## Exercise goal
Reproduce the lines below exactly. Skip images.
Top of Material to process
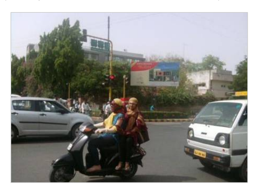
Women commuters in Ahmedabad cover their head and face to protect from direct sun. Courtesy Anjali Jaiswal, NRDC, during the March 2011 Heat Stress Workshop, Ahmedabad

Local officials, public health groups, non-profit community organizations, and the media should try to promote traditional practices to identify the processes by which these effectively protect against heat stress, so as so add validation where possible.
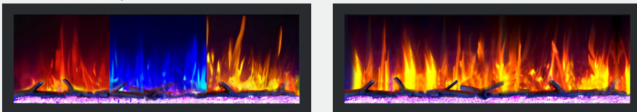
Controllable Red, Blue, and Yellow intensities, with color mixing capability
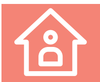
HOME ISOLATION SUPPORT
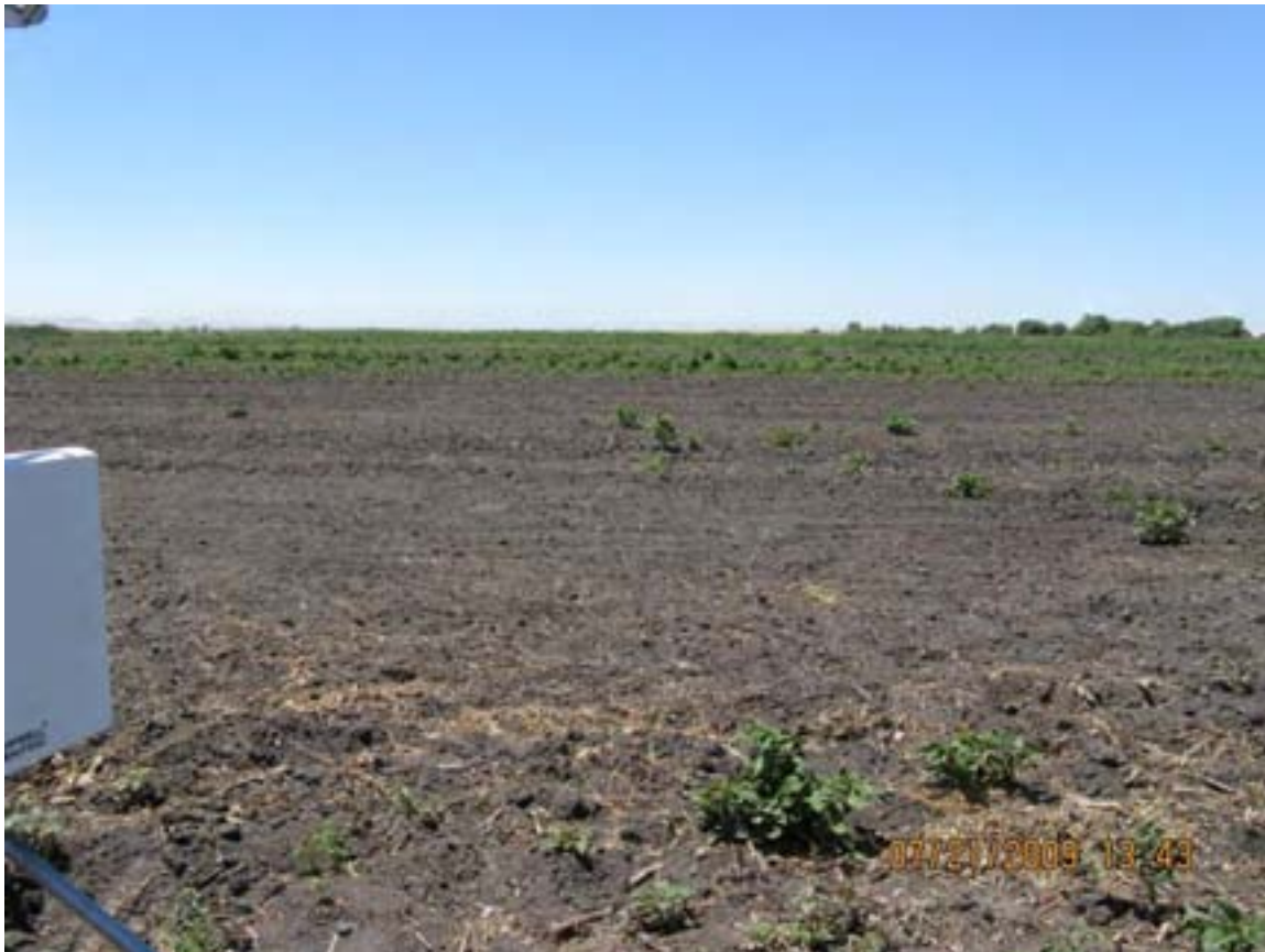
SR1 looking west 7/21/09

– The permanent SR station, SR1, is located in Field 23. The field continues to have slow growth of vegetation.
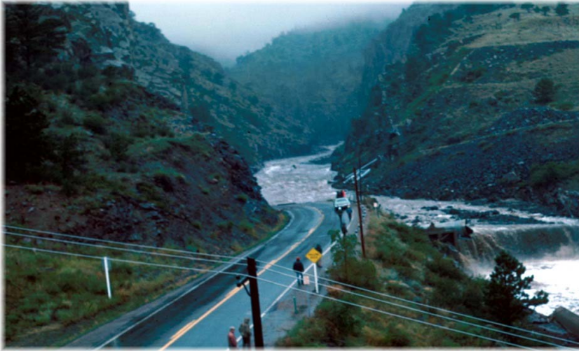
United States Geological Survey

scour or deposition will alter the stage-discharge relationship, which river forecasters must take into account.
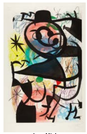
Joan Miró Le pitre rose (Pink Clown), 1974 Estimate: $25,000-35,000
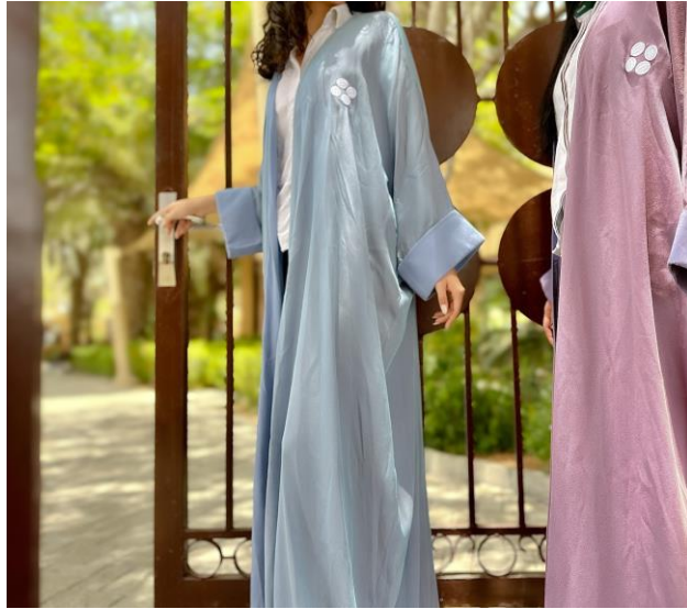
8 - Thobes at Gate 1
Bottom of Material to process
## Answer box
Women commuters in Ahmedabad cover their head and face to protect from direct sun. Courtesy Anjali Jaiswal, NRDC, during the March 2011 Heat Stress Workshop, Ahmedabad

Local officials, public health groups, non-profit community organizations, and the media should try to promote traditional practices to identify the processes by which these effectively protect against heat stress, so as so add validation where possible.
Controllable Red, Blue, and Yellow intensities, with color mixing capability
HOME ISOLATION SUPPORT
SR1 looking west 7/21/09

– The permanent SR station, SR1, is located in Field 23. The field continues to have slow growth of vegetation.
United States Geological Survey

scour or deposition will alter the stage-discharge relationship, which river forecasters must take into account.
Joan Miró Le pitre rose (Pink Clown), 1974 Estimate: $25,000-35,000
8 - Thobes at Gate 1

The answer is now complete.